The latest Congressional Budget Office estimate for Part D costs is $388 billion below the original estimates, for the 10-year period from fiscal year 2007 to fiscal year 2016. That suggests the current system is working well.

Extended Senate floor deliberation would provide an opportunity to debate these issues and obtain greater detail on the facts.

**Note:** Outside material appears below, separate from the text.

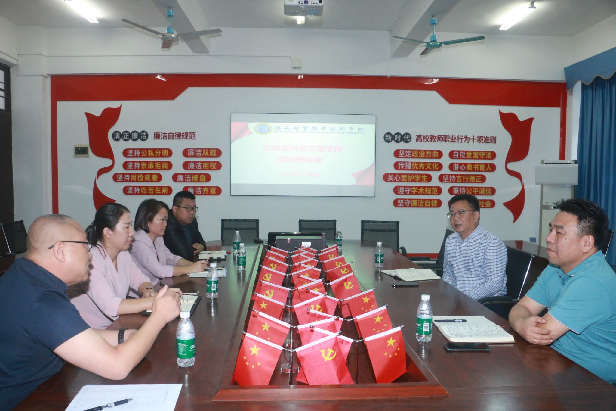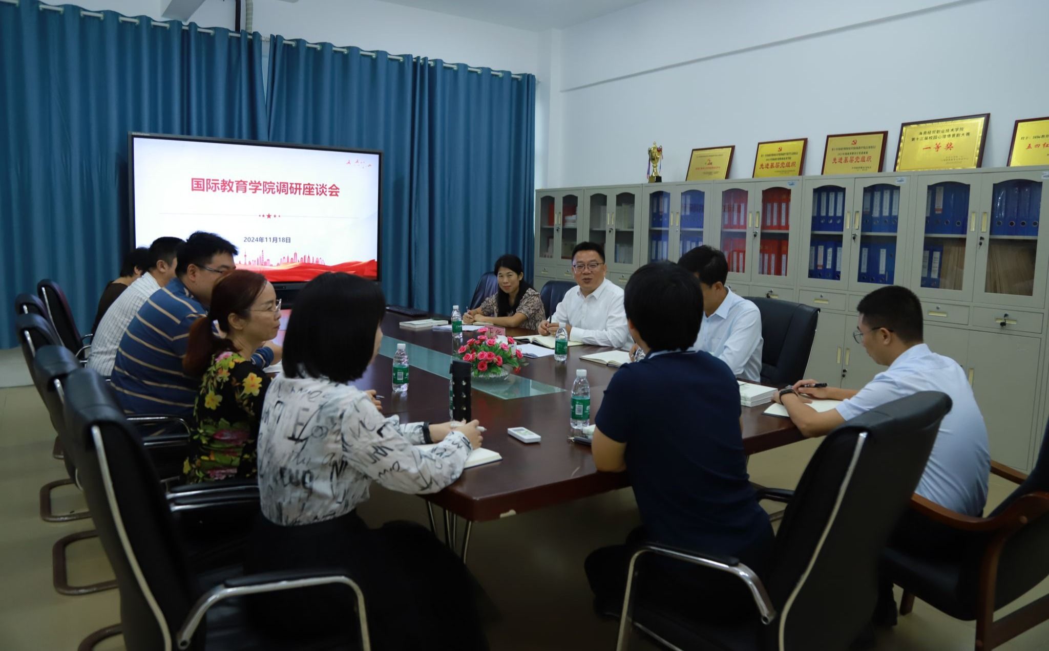 王华在国际贸易学院深入了解学院特色亮点和发展需求,强调要瞄准未来专业建设的方向,深入推进产教融合、校企合作,真正让学生所学技能在服务海南自由贸易港建设中发挥作用。要对标对表“新双高”建设的指标要求,不断提升教育教学质量。要关注学生心理健康问题,形成报告机制,及时总结工作经验,为学生提供更好的服务。
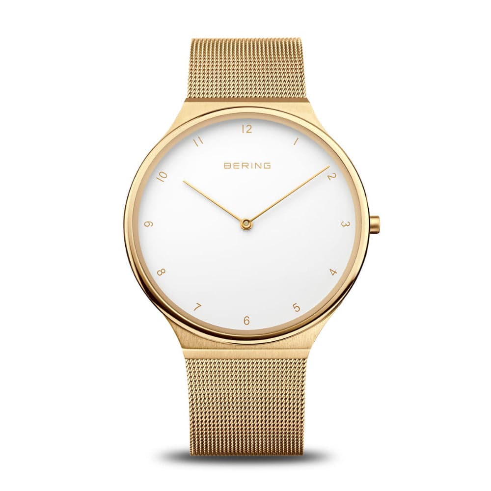 Bering Ultra Sim White Dial Gold Milanese Strap Women Watch 18440-334

One of the additional arguments favoring giving the Secretary power to negotiate was the analogy to the savings achieved through the negotiating power of the Department of Veterans Affairs. In analyzing the VA's bargaining power, it must be noted that the Veterans Department represents 4.4
million veterans, a much smaller number than represented by the pharmacy benefit managers. It is also important to note that among brand-name drugs listed on the 300 most popular drugs for seniors, only 42 percent are available to the VA plan because the pharmaceutical companies declined to provide some of the drugs because of their unwillingness to meet the price determined unilaterally by the VA. On the other hand, it is estimated that PDPs under Medicare Part D have access to 97 percent of the brandname drugs among the most favored 300 drugs. The Medicare Part D beneficiaries have an opportunity to select the prescription drug plans that best meet their prescription drug needs, with the opportunity to select a new plan on an annual basis.

Notwithstanding these factors, there may be answers and compelling arguments in support of the proposed legislation to give the Secretary negotiating authorities. A full debate by the Senate on these important issues would pose the opportunity to resolve these complicated questions and come to a reasoned judgment. The Senate will doubtless revisit this issue in the future. In the interim, I intend to inquire further and consider these issues in greater depth to determine what policies would best serve the interests of the beneficiaries of Medicare Part D.